# [Supplied records]
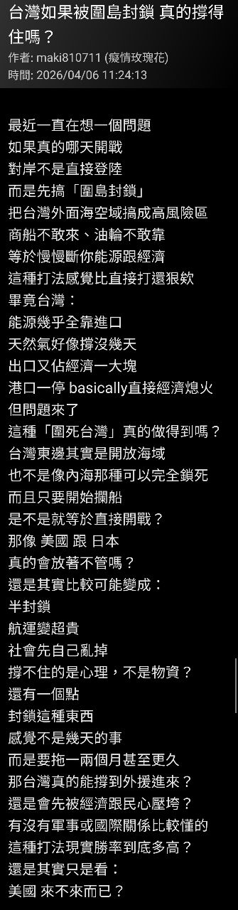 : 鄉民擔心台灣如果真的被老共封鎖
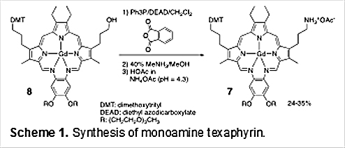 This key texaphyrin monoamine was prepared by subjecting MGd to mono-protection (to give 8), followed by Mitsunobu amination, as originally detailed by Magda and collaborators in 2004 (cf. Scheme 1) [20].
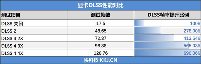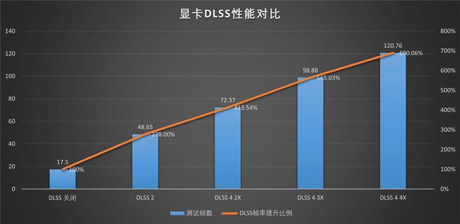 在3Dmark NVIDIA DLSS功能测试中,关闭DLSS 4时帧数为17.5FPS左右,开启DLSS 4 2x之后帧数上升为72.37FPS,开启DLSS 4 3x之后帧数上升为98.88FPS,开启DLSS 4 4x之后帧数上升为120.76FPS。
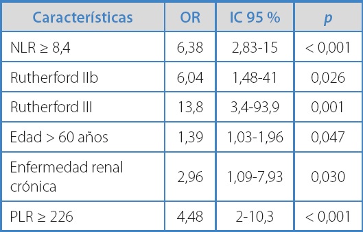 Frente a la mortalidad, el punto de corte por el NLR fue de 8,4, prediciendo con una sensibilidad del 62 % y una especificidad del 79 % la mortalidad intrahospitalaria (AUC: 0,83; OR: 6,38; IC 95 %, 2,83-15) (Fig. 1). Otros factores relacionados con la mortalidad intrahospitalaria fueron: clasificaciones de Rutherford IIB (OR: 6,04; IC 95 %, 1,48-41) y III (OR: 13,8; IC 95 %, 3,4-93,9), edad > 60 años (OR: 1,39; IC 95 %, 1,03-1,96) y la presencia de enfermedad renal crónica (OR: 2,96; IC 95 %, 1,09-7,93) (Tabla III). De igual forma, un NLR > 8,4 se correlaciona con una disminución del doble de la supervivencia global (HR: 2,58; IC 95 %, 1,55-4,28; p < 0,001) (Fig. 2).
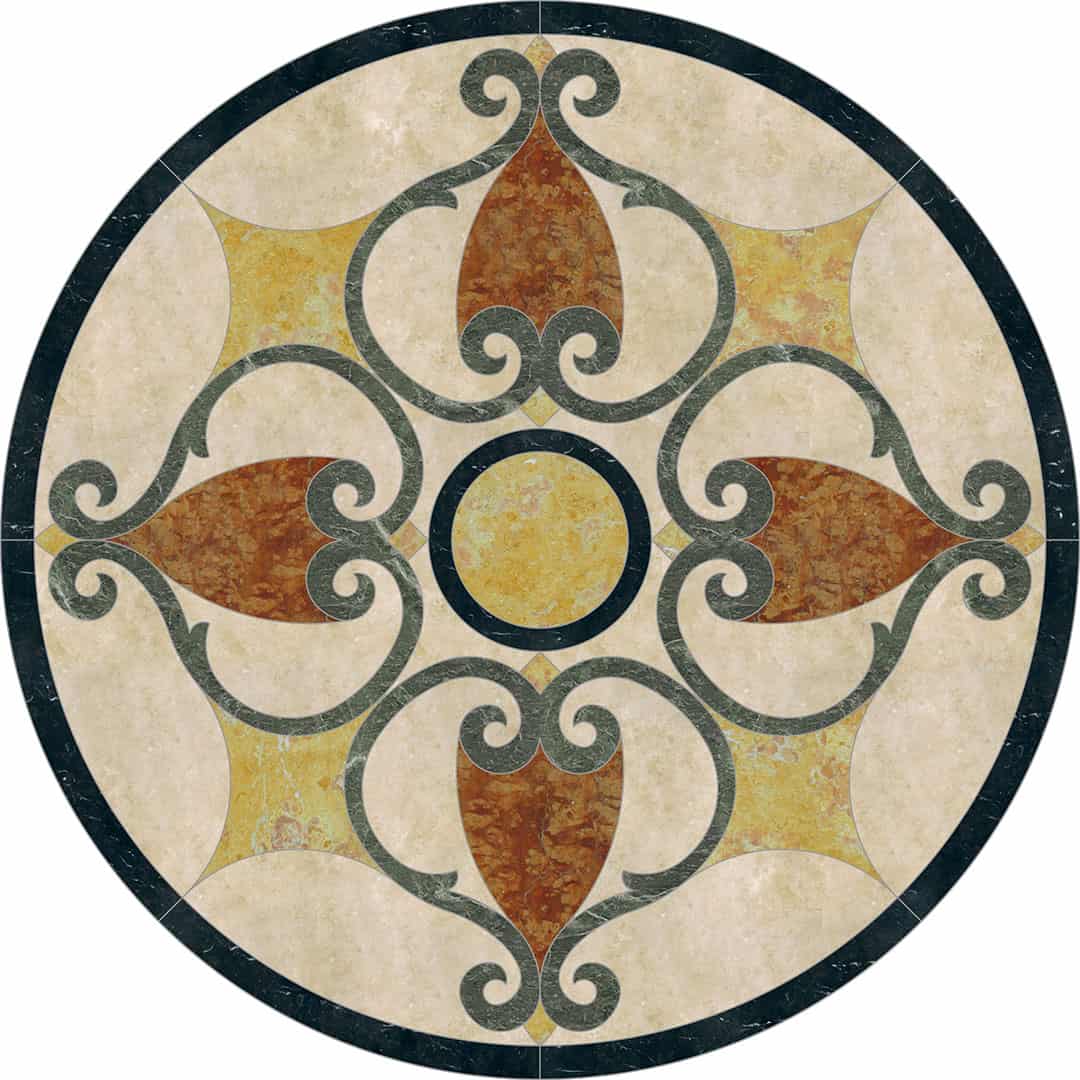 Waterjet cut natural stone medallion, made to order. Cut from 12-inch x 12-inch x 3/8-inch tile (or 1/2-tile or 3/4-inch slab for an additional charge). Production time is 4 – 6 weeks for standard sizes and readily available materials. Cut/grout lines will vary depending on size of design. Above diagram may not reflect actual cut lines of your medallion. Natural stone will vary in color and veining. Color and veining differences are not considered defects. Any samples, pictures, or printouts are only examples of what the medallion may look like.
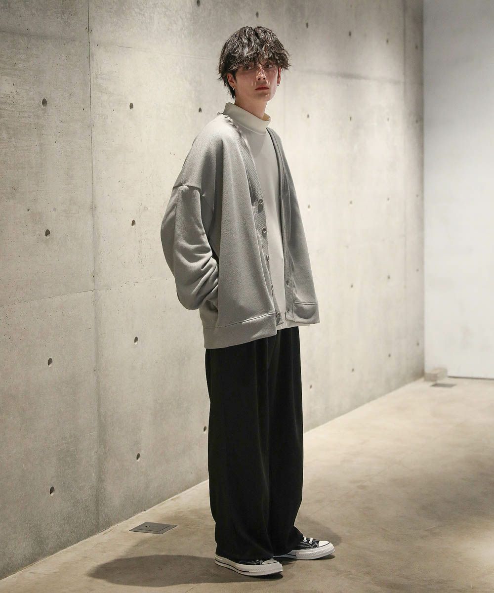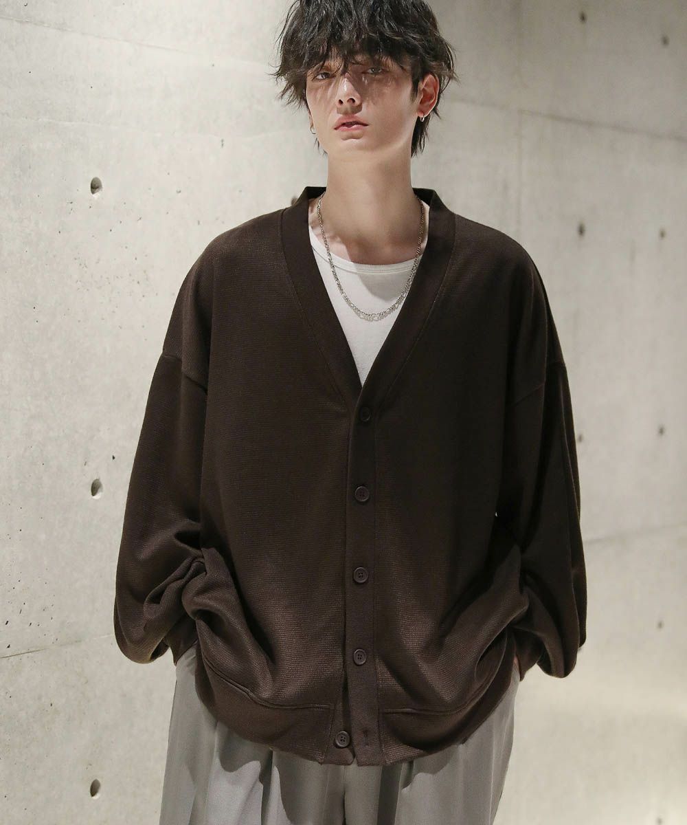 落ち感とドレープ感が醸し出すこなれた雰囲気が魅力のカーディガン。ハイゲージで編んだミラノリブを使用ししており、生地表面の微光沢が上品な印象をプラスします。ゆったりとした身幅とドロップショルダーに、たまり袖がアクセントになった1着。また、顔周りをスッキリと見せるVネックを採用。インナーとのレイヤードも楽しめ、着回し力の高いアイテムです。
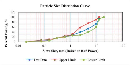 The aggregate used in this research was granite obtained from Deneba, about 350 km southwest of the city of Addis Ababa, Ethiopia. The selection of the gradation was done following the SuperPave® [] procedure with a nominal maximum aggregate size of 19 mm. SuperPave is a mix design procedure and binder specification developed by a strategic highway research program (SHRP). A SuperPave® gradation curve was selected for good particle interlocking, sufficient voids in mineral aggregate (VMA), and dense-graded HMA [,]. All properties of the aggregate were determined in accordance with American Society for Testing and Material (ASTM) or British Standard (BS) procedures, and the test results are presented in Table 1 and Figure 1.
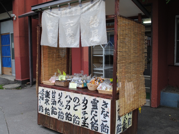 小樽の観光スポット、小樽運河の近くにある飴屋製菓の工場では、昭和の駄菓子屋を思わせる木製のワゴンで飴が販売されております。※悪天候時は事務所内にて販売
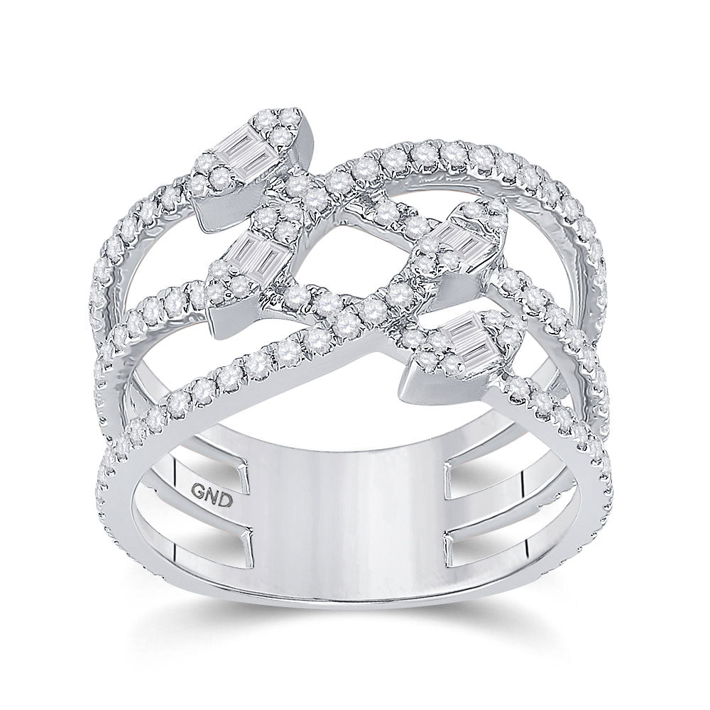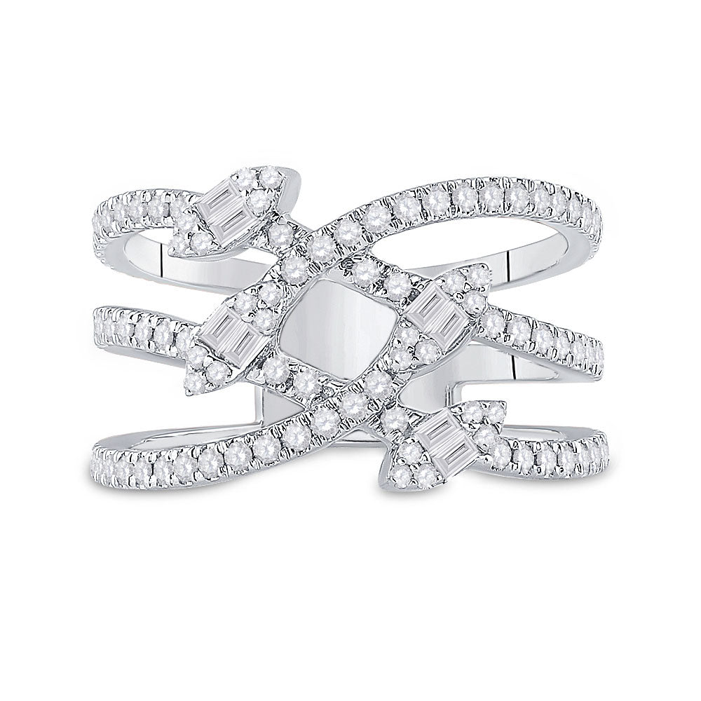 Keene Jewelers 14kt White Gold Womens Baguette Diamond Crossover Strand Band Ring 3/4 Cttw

# [What to produce]
Extract, word for word, every line from the one containing "Waterjet cut natural" to the end of the data above, both ends included, and leave out the pictures.

# [Output below]
 Waterjet cut natural stone medallion, made to order. Cut from 12-inch x 12-inch x 3/8-inch tile (or 1/2-tile or 3/4-inch slab for an additional charge). Production time is 4 – 6 weeks for standard sizes and readily available materials. Cut/grout lines will vary depending on size of design. Above diagram may not reflect actual cut lines of your medallion. Natural stone will vary in color and veining. Color and veining differences are not considered defects. Any samples, pictures, or printouts are only examples of what the medallion may look like.
 落ち感とドレープ感が醸し出すこなれた雰囲気が魅力のカーディガン。ハイゲージで編んだミラノリブを使用ししており、生地表面の微光沢が上品な印象をプラスします。ゆったりとした身幅とドロップショルダーに、たまり袖がアクセントになった1着。また、顔周りをスッキリと見せるVネックを採用。インナーとのレイヤードも楽しめ、着回し力の高いアイテムです。
 The aggregate used in this research was granite obtained from Deneba, about 350 km southwest of the city of Addis Ababa, Ethiopia. The selection of the gradation was done following the SuperPave® [] procedure with a nominal maximum aggregate size of 19 mm. SuperPave is a mix design procedure and binder specification developed by a strategic highway research program (SHRP). A SuperPave® gradation curve was selected for good particle interlocking, sufficient voids in mineral aggregate (VMA), and dense-graded HMA [,]. All properties of the aggregate were determined in accordance with American Society for Testing and Material (ASTM) or British Standard (BS) procedures, and the test results are presented in Table 1 and Figure 1.
 小樽の観光スポット、小樽運河の近くにある飴屋製菓の工場では、昭和の駄菓子屋を思わせる木製のワゴンで飴が販売されております。※悪天候時は事務所内にて販売
 Keene Jewelers 14kt White Gold Womens Baguette Diamond Crossover Strand Band Ring 3/4 Cttw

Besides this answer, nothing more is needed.